The operating margin on the grid—the buffer between supply and demand—ought to be 25 percent in a secure system. In Taiwan, Oung explained, there have been several occasions this year when the margin was down to 5 percent. “It shows that the system is fragile,” she said.

Taiwan’s current energy mix illustrates the scale of the challenge: Last year, Taiwan’s power sector was 83 percent dependent on fossil fuel: Coal accounted for around 42 percent of generation, natural gas 40 percent, and oil 1 percent. Nuclear supplied 6 percent, and solar, wind, hydro, and biomass together nearly 10 percent, according to the Ministry of Economic Affairs.

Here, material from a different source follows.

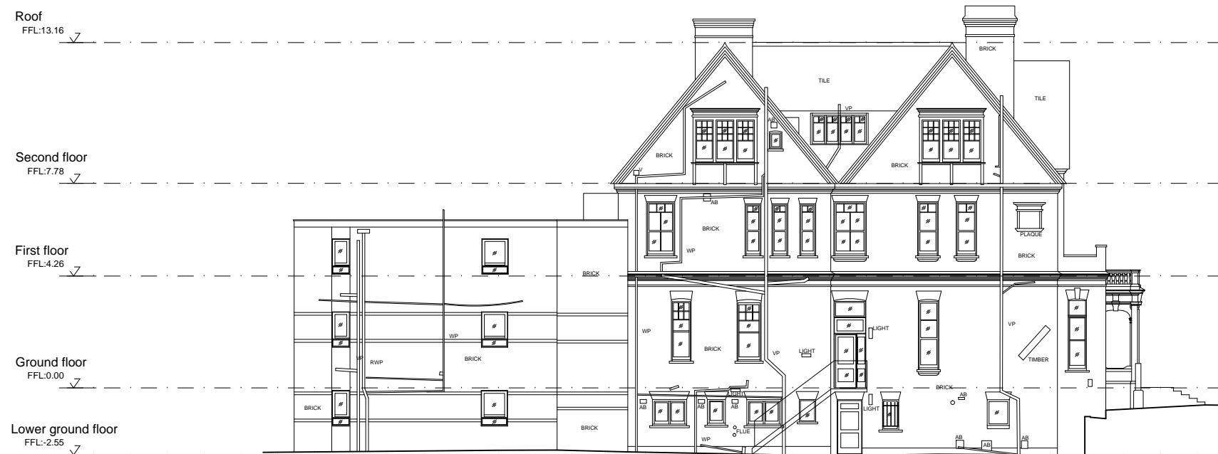
Existing South elevation Scale 1:200@A3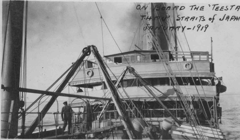
ON BOARD THE 'TEESTA' THRU STRAITS OF JAPAN JANUARY-1919

Taiwan’s fossil fuels are imported by sea, which leaves the island at the mercy both of international price fluctuations and potential blockade by China. The government has sought to shield consumers from rising global prices, but that has resulted in growing debt for the Taiwan Electric Power Company (Taipower), the national provider. In the event of a naval blockade by China, Taiwan could count on about six weeks reserves of coal but not much more than a week of liquefied natural gas (LNG). Given that LNG supplies more than a third of electricity generation, the impact would be severe.

The government has announced ambitious energy targets. The 2050 net-zero road map released by Taiwan’s National Development Council in 2022 promised to shut down its nuclear sector by 2025. By the same year, the share of coal would have to come down to 30 percent, gas would have to rise to 50 percent, and renewables would have to leap to 20 percent. None of those targets is on track.